DOH engineer hopes flood road repairs can be done in 4 months

CHARLESTON, W.Va. — The chief engineer with the state Division of Highways is cautiously optimistic more than 100 flood repair jobs on the state’s highway system can be completed by the end of the calendar year.

“I really hope that we can do this in three or four months, but there’s an awful lot of work out there,” Jimmy Wriston told MetroNews Friday. “The roadway and bridge damage has topped $50 million.”

That damage is scattered throughout the 12-county flood zone. As of Friday, there were contractors working under emergency contracts on 22 projects with an additional 100 jobs in the final design stage, Wriston said.

“You can’t just go out there and put any old sized steel in for a pile wall or throw any old sized pipe or box culvert into the ground. You have to do a little bit of engineering because we don’t want it to happen again. When we put it in there we want it to stay,” Wriston said.

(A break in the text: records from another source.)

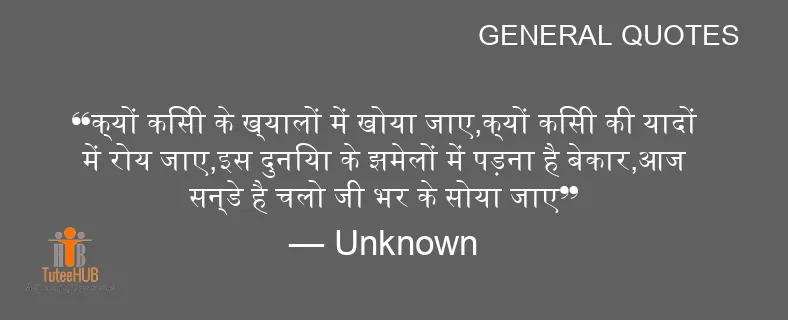 क्यों किसी के ख्यालों में खोया जाए,क्यों किसी की यादों में रोय जाए,इस दुनिया के झमेलों में पड़ना है बेकार,आज सन्डे है चलो जी भर के सोया जाए
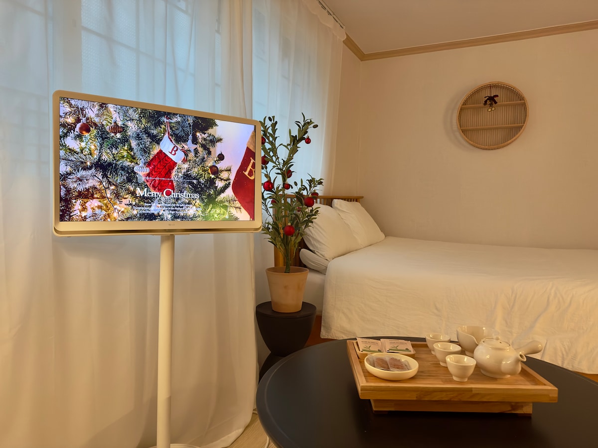 這是一間位於首爾江西區登村洞木洞交叉口附近安靜當地住宅區的2層私人住宿。 附近的車站是木洞站和登村站,乘坐巴士在主要區域移動更方便。 --- 🚎 交通工具 乘坐機場巴士前往仁川國際機場約1小時20分鐘,無需轉車,開車約45分鐘。 開車前往金浦國際機場(濟州國內航站樓)約25分鐘 從弘益大學站到汝矣島漢江公園約需20分鐘車程。 提供付費泊車位(須提前預訂) 🌇 構成元素 包括1張標準雙人床和1張超級單人床 2人基本價格,最多可供5人參與 (額外旅人每人15,000韓元,可提供額外床上用品) 適合家庭旅行、情侶、朋友聚會和商務旅行 🧚‍♀️優惠(提前預訂) 上午9:00 - 10:00 繳付5,000韓元的額外費用後 你可以使用4樓的屋頂花園(靜止巢穴) 1小時。 --- ❗️沒有電梯,你必須走樓梯。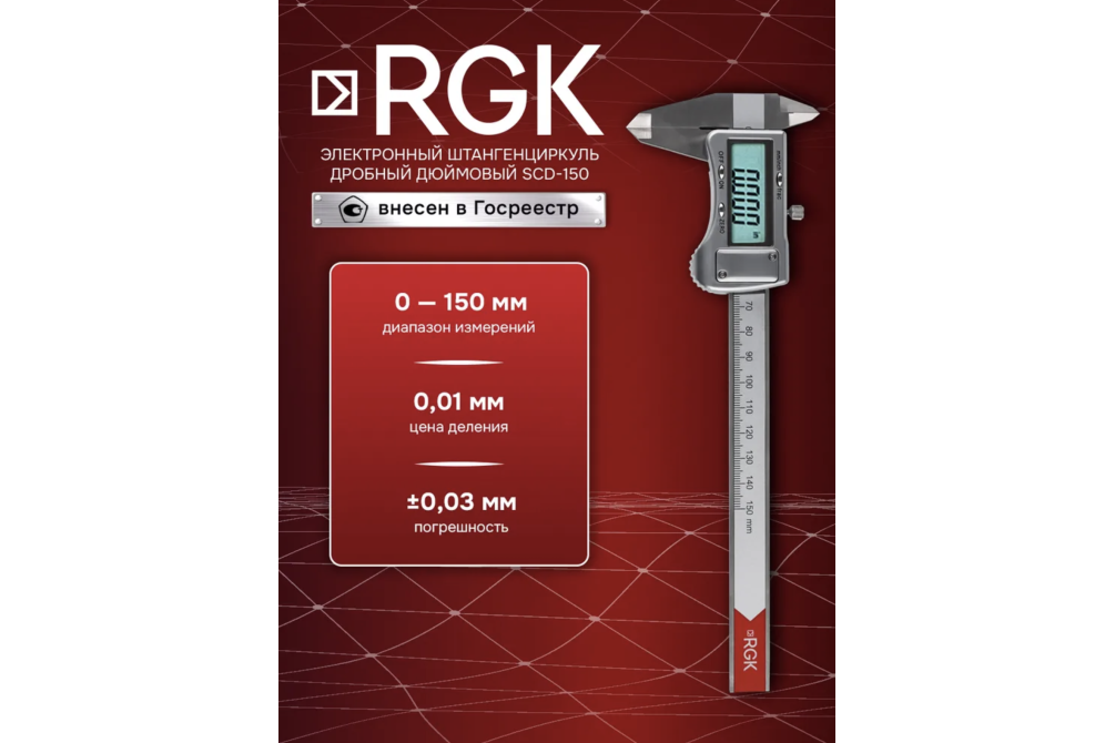 Штангенциркуль электронный дробный (мм/дюймы) RGK SCD-150.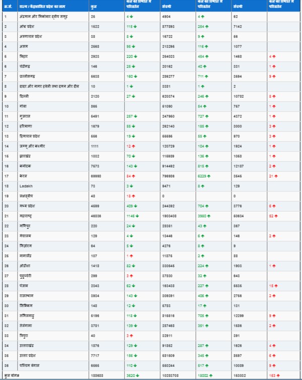 नीचे कोरोना के संबंध में राज्यवार तालिका दी जा रही है:

The other 100 projects should be ready for work in the next two to three weeks.

Wriston believes the response of the DOH since the water went down in the days following June 23 flood has probably been some of the agency’s best ever disaster work.

“When it comes to emergency work and disaster recovery and that type of thing–we may be the best in the country,” Wriston said. “Communication is the key.”

The 100 projects left to do “will run the gamut,” Wriston said, including slide repairs, washout repair, piling walls, rock buttresses, pipe installation, concrete box culverts, small bridge repairs and small bridge replacements, shoulder work, shoulder reconstruction, guardrail installation, striping and signal and sign replacement.

It’s possible state Route 4 from Clendenin to Clay could reopen this weekend. A section of the highway washed out north of Queen Shoals is still under construction but a detour around the work may be completed by Saturday, Wriston said.